The Doe plaintiff alleged that Deutsche Bank did business with Epstein for five years, knowing that he was using his funds to support his abusive regime of girls and young women.
The suit said that Deutsche “provided the most critical service for the Jeffrey Epstein sex trafficking organization to successfully rape, sexually assault and coercively sex traffic plaintiff Jane Doe” between 2003 and 2016.
She claimed to be trafficked to Epstein’s friends as well, lured by Epstein’s “guise of being a wealthy philanthropist, able to provide them … cash money, advancement of careers, education or other life necessities.”
The suit alleged that Deutsche Bank ignored red flags, including allowing Epstein “to open many accounts for illegitimate companies,” approving his money transfers “without questioning” and giving him “direct access to abundant cash in direct violation of federal law.”
The court documents suggested that these money transfers and cash withdrawals had to do with Epstein’s payments to young women for sex acts.
The $75 million settlement is expected to be distributed among dozens of accusers, according to The Journal.
Deutsche Bank declined to comment on the settlement.
However, a source familiar with the situation pointed The Post to a statement the bank released in 2022, acknowledging the bank’s mistakes and lapses in controls during Epstein’s time as a client, though the bank didn’t admit to wrongdoing as part of the settlement.
The source also said that in recent years, Deutsche Bank has invested 4 billion euros ($4.3 billion) in expanding the German bank’s anti-financial crime team.

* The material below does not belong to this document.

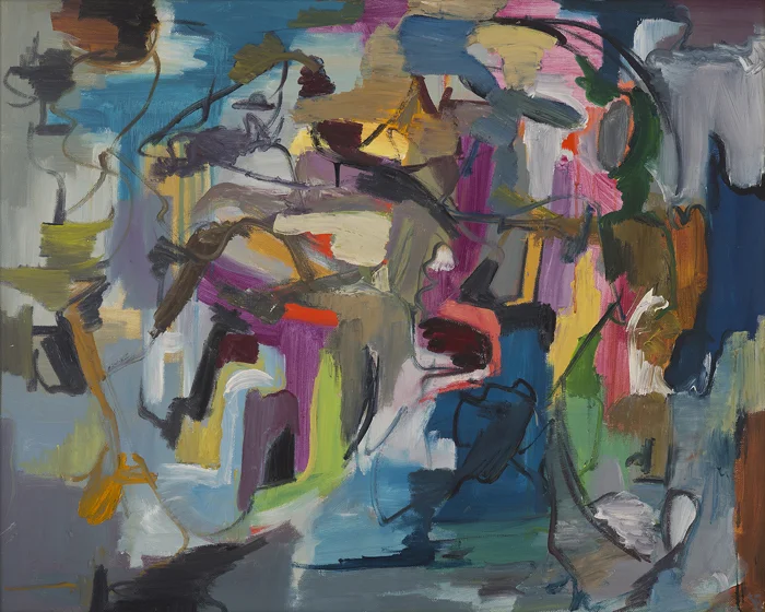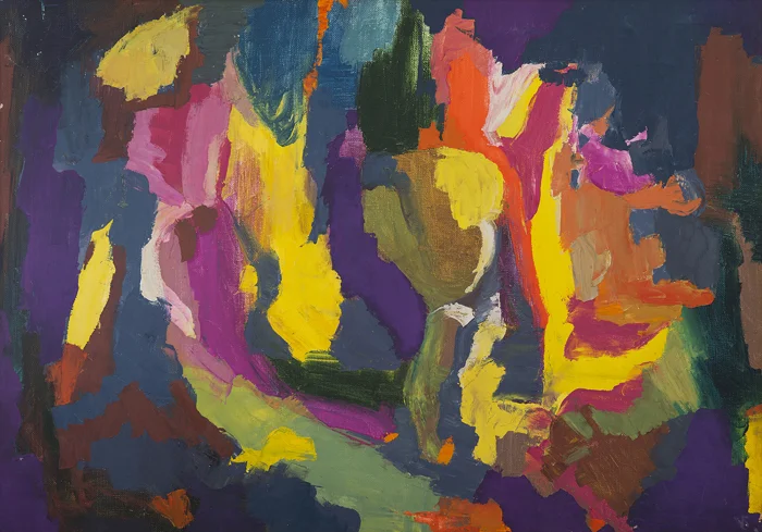 Composition 656, 1990, is a deeply vibrant piece offering a kaleidoscope of color, shading from darker grays and blacks on the left towards pinks and yellows on the right. Swirled and curving brushstrokes in the middle plane of the picture are matched by almost hatch-work on the lower parts and right-hand side. The effect could be jarring but is instead exhilarating – the eye cannot rest, it must take in the colors and shapes. As with all abstract art, it is designed to awake sensation and feeling in the viewer, to make the viewer own the art.

The plaintiffs’ lawyers, from firms Boies Schiller and Edwards Pottinger, told The Journal that they believe the $75 million to be one of the largest sex-trafficking settlements involving a banking institution.
Epstein became a Deutsche Bank client in 2018 after JPMorgan Chase cut ties with the disgraced financier.
A similar lawsuit has also been filed by the US Virgin Islands against JPMorgan, claiming the bank failed to report Epstein’s suspicious activity and allowed him to funnel money to various shell companies that funded his illicit activities, which primarily took place at his residence on Little St. James in the Virgin Islands.
Many other “high-net worth individuals” have since been issued a subpoena — including billionaire Elon Musk and Google co-founder Larry Page — over claims that Epstein referred them to JPMorgan.
Epstein reportedly continued to work with both JPMorgan and Deutsche Bank years after pleading guilty to soliciting prostitution from a minor in a Florida state court in 2008.
The convicted sex offender was arrested in 2019 and died by suicide in a New York federal jail while awaiting trial.